What the task requires:
Retype each line of the data below exactly, beginning with the first and ending with the one that contains "Набор для творчества". Pictures do not belong in the copy.

Information provided:
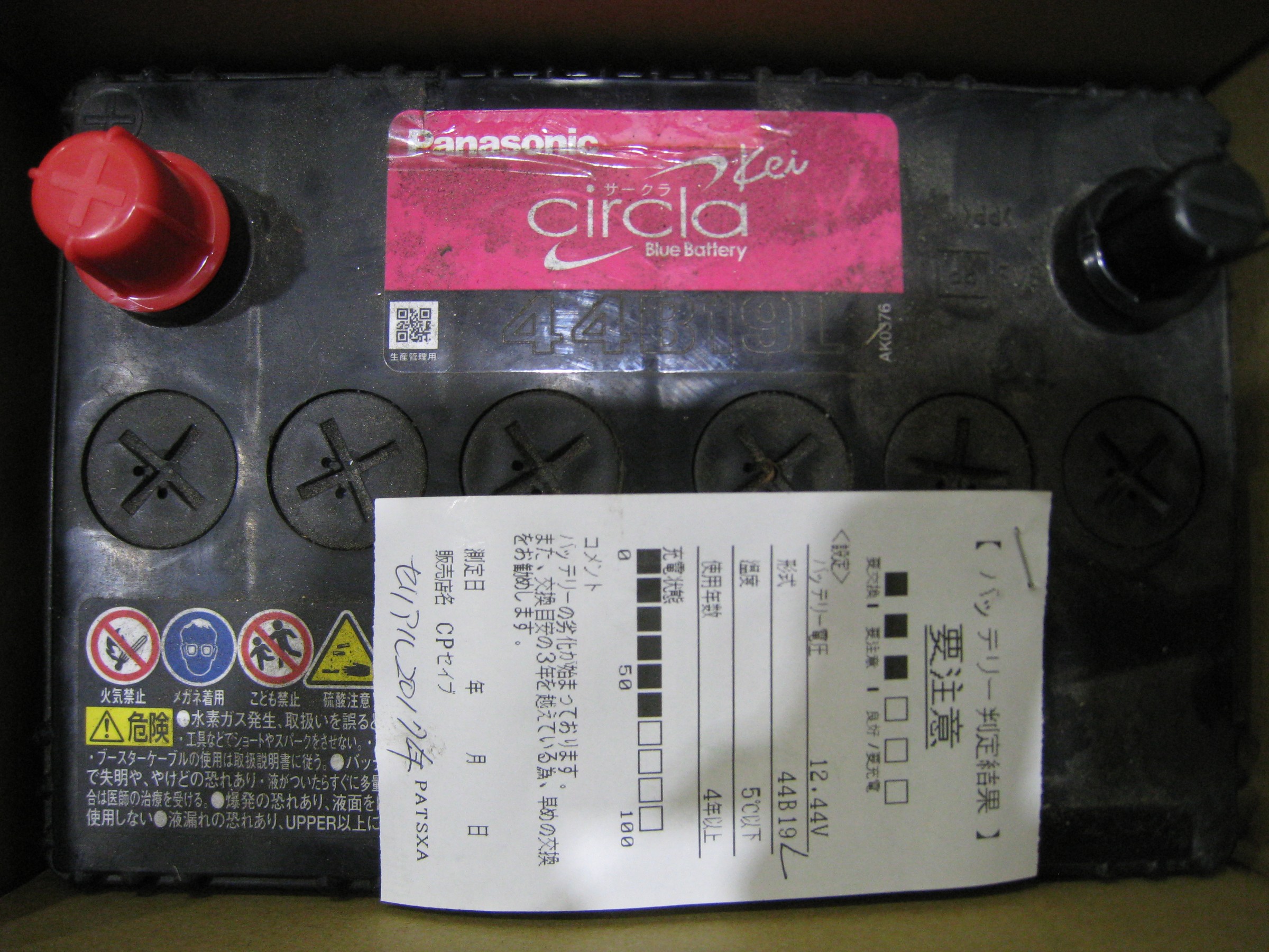 バッテリーテスターでの点検結果は要注意で、製造年は2017年でした。
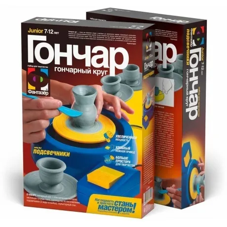 Набор для творчества Фантазёр Гончар Подсвечники/8 217002 способствует развитию творческого потенциала, воспитывает усидчивость и терпение. «Гончар» научит вашего малыша старейшему ремеслу на планете и познакомит с принципом работы гончарного круга. Технология почти не изменился за последние 4 000 лет, с тех пор как в Древнем Египте с помощью гончарного круга делали посуду для правителей и простонародья. Но жизнь все-таки не стоит на месте, поэтому гончарный круг «Фантазер» оснащен небольшим моторчиком, что позволяет формовать вазу или кувшин обеими руками. Работа с глиной развивает художественные способности, воображение и мелкую моторику. Кроме того, многие специалисты рекомендуют ее как арт-терапию
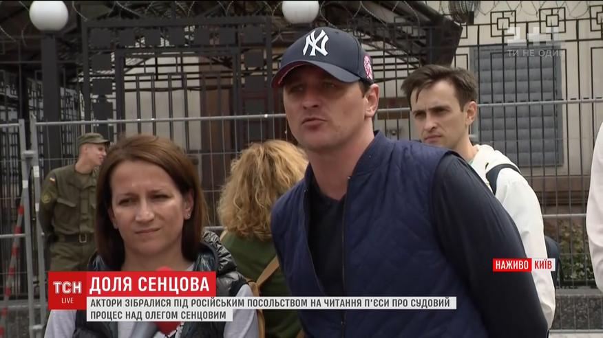 Кіно,- і театральна спільнота України називає свою акцію перформансом. Учасники не чекають жодної реакції від посольства. Творча еліта України мусить реагувати на такі речі, як арешт Олега Сенцова, тому що це неприпустимо у 21 столітті, зауважив головний актор фільму "Кіборги".

Output for this task:
 バッテリーテスターでの点検結果は要注意で、製造年は2017年でした。
 Набор для творчества Фантазёр Гончар Подсвечники/8 217002 способствует развитию творческого потенциала, воспитывает усидчивость и терпение. «Гончар» научит вашего малыша старейшему ремеслу на планете и познакомит с принципом работы гончарного круга. Технология почти не изменился за последние 4 000 лет, с тех пор как в Древнем Египте с помощью гончарного круга делали посуду для правителей и простонародья. Но жизнь все-таки не стоит на месте, поэтому гончарный круг «Фантазер» оснащен небольшим моторчиком, что позволяет формовать вазу или кувшин обеими руками. Работа с глиной развивает художественные способности, воображение и мелкую моторику. Кроме того, многие специалисты рекомендуют ее как арт-терапию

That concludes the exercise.